Ну а пока Миктлан до смешного напоминает бойлерную. Не старинную, а просто старую, латаную-перелатаную: обшарпанные стены, скрипучие доски вместо пола, заржавленные трубы по стенам и уныло хлюпающие котлы, не пригодные ни для мучительства, ни для сугрева.
Вся эта убогая обстановка оскорбляет эстетическое чувство и амбиции владыки преисподней. Он надеется — да что там, он жаждет привнести в свою геенну хоть немного изысканности, сделать ее элегантной, безумной, достойной нового Босха. А получается не то и не так. Наивно получается, будто мальчишке по имени Дамело Ваго снова тринадцать и он смотрит культовую чернуху девяностых, сладко обмирая от ненависти к миру убийц, шлюх и верных жен со стокгольмским синдромом. Во рту гадкий, кислый и одновременно приторный вкус, точно молодому кечуа насильно скормили полторта «Полет», а запивать заставили газировкой «Буратино». Мечта детства, обернувшаяся пыткой. В этом определенно что-то есть…
Миктлантекутли стоит, опершись о косяк и задумчиво рассматривает новые жертвы. Они идеальны для танталовых мук, идеальны. Род загробных мытарств при жизни выбрали: еще бы, столько лет ходить вокруг роскоши, принадлежащей другим, капать слюной, мечтать, как ты бы ух! — будь оно твое. И никакие приобретения, никакие блага, никакая халява не спасали от пытки мясом, привязанным на суровую нитку. Маскируя усталость под ленцу, Дамело приближается к ним, пристегнутым к ржавой трубе наручниками. Грешные души сидят рядком, смирные, будто птенцы, над чьим гнездом парит ястреб, будто заложники экстремиста, у которого в душе пустыня, и он мечтает сравнять свой внутренний мир с внешним.
Очередное пополнение Миктлана не пытается ни спорить, ни угрожать, ни умолять. Владыка ада вспоминает, как первых грешников приходилось держать в карантине, пока из них не испарялись последние капли надежды, что все произошедшее — ошибка, глюк вселенского компьютера, баг мировых весов, точечный прокол в божественном милосердии, черная дыра, куда провалились их невезучие души. Они орали и звенели цепями, пытаясь докричаться то ли до равнодушных небес, то ли до мира живых, веря: по их вызову явится полиция и заберет пострадавших из адской бойлерной, выслушает, какие страшные вещи здесь творятся, накажет виновных…

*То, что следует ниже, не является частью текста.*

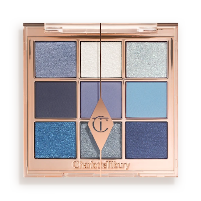 I was meticulous when curating this blue eyeshadow palette! I wanted to create the perfect blue colour story that spanned from sky blue to deepest navy, and each shade needed to work in harmony with the next – from baby blues for the perfect pastel blue to cobalt blues for an electrifying pop of colour and icy white for a dazzling glimmer of pearl on the inner corners of your eyes. Darlings, this palette has all the shades you need to channel this year’s must-wear eye trends… and set new ones!

Ни один обреченный на адские муки не сознавал: никто к нему пальцем не прикоснулся. Он все себе придумал сам: и трубка механизма, проведенная из зада адреналинового наркомана ему же в нос; и бизнесмены в костюмах от Армани, барахтающиеся в навозе под хохот скотников; и лохотронщики, кипящие в цептеровской кастрюле, точно пельмени — все это его сны, его морок. Даже наручники, мешающие прижать руки к груди, чтобы утишить боль в сердце — лишь морок, кошмарное видение.
Дамело и его присные балдели с видений грешных душ. За секунды пребывания в аду те успевали провести инвентаризацию страхов, представить их в четком и безумном виде, выполняя всю работу. Демонам преисподней только и оставалось, что идти себе смотреть сериалы. Первое время они так и делали: адские гончие валялись вповалку на диване и смотрели сезон за сезоном. Гарем Дамело предпочитал девчачьи кровавые детективы, в которых гламурные умницы-следовательши раскрывают убийство за убийством. Миктлантекутли скучал и пытался понять, отчего убийца не нанял дорогого киллера? Зачем громоздил уловку на уловку, оставляя после себя череду хлебных крошек, точно глупое дитя из сказки? Надеялся найти дорогу обратно, из темного леса страхов в мир нормальных людей? Пока девчонки тыкали пальцами в экран, ругали сюжет, спорили, кто из актеров красивей, Дамело поднимался и шел вниз, в подвал. Смотреть другое кино. В подвале круглосуточно крутили сериал «Чего боится душа».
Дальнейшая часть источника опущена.